Nicholas wondered how his life would have been different if Evie had been like Nora, willing to stand by him even in the face of calamity. What if she had loved him enough to endure the hardship of building a life with him, even though they were starting it with a third mouth to feed?

Nicholas hadn’t ever allowed himself to become maudlin. Right now he was in danger of being downright sentimental over the past.

He had learned a hard lesson at a young age. He had never offered love to another woman. And never given another woman the chance to hurt him the way Evie had. He had learned a great deal from her. Actually, he owed her a debt of gratitude. He knew how to please a woman in bed. Those lessons had stood him in good stead over the years.

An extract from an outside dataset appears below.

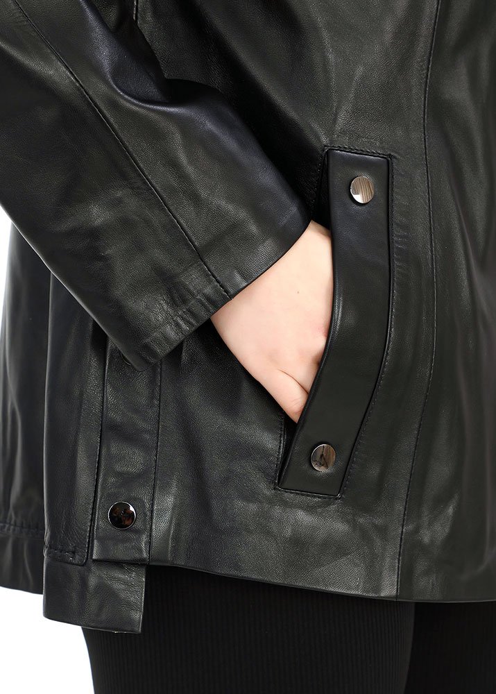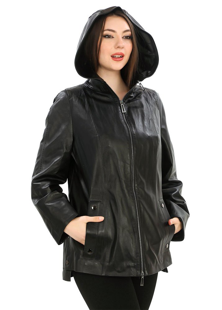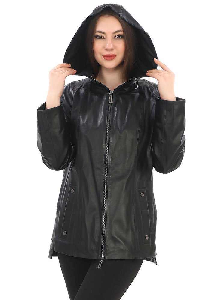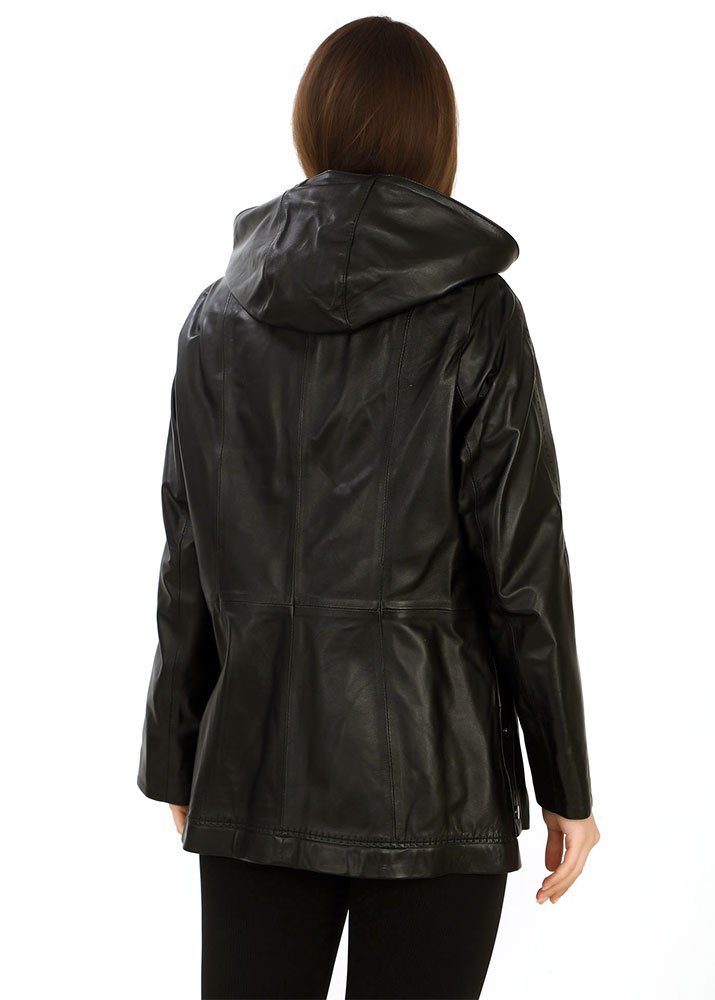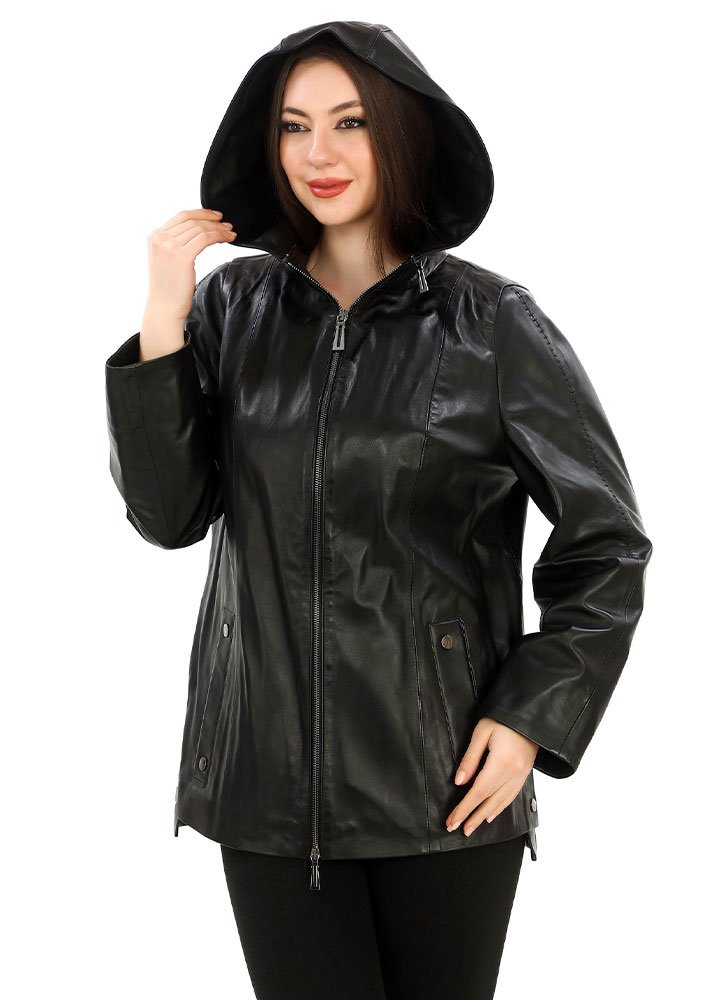 Δερμάτινη γυναικεία ζακέτα χρώματος μαύρο με λεπτομέρειες ίδιας απόχρωσης και κουκούλα αποσπώμενη μέσα έξω δέρμα, καθώς και κέντημα στο μανίκι και στον ποδόγυρο πίσω από 100% μαλακό δέρμα αρνιού.

And he had Colin. He could never be sorry for that.

It was amazing that nearly twenty years later he was finally going to be married. It was good to remember
the lessons of the past. He would have to keep Evie in mind when he bedded Daisy. And remember why he would be the world’s worst fool if he ever let himself fall in love again.

11

Colin had done his best to converse with Lord Frederick Willowbrook, but the young man was pompous and condescending, and Colin had about had his fill of sentences that began with “In London we always …” Colin sighed in disgust. He had hoped to spend some time with Lady Roanna, but she had been totally diverted by Lord Frederick’s two simpering sisters.

He made his escape when luncheon was announced, excusing himself and heading for the stable. He would rather ride back home in the rain than spend the rest of the day in the company of a London fop. There was a groom available, but Colin preferred to saddle his own horse. He wasn’t used to having servants do for him, and he didn’t intend to get used to it. He had just finished when he realized the groom was gone, but he wasn’t alone.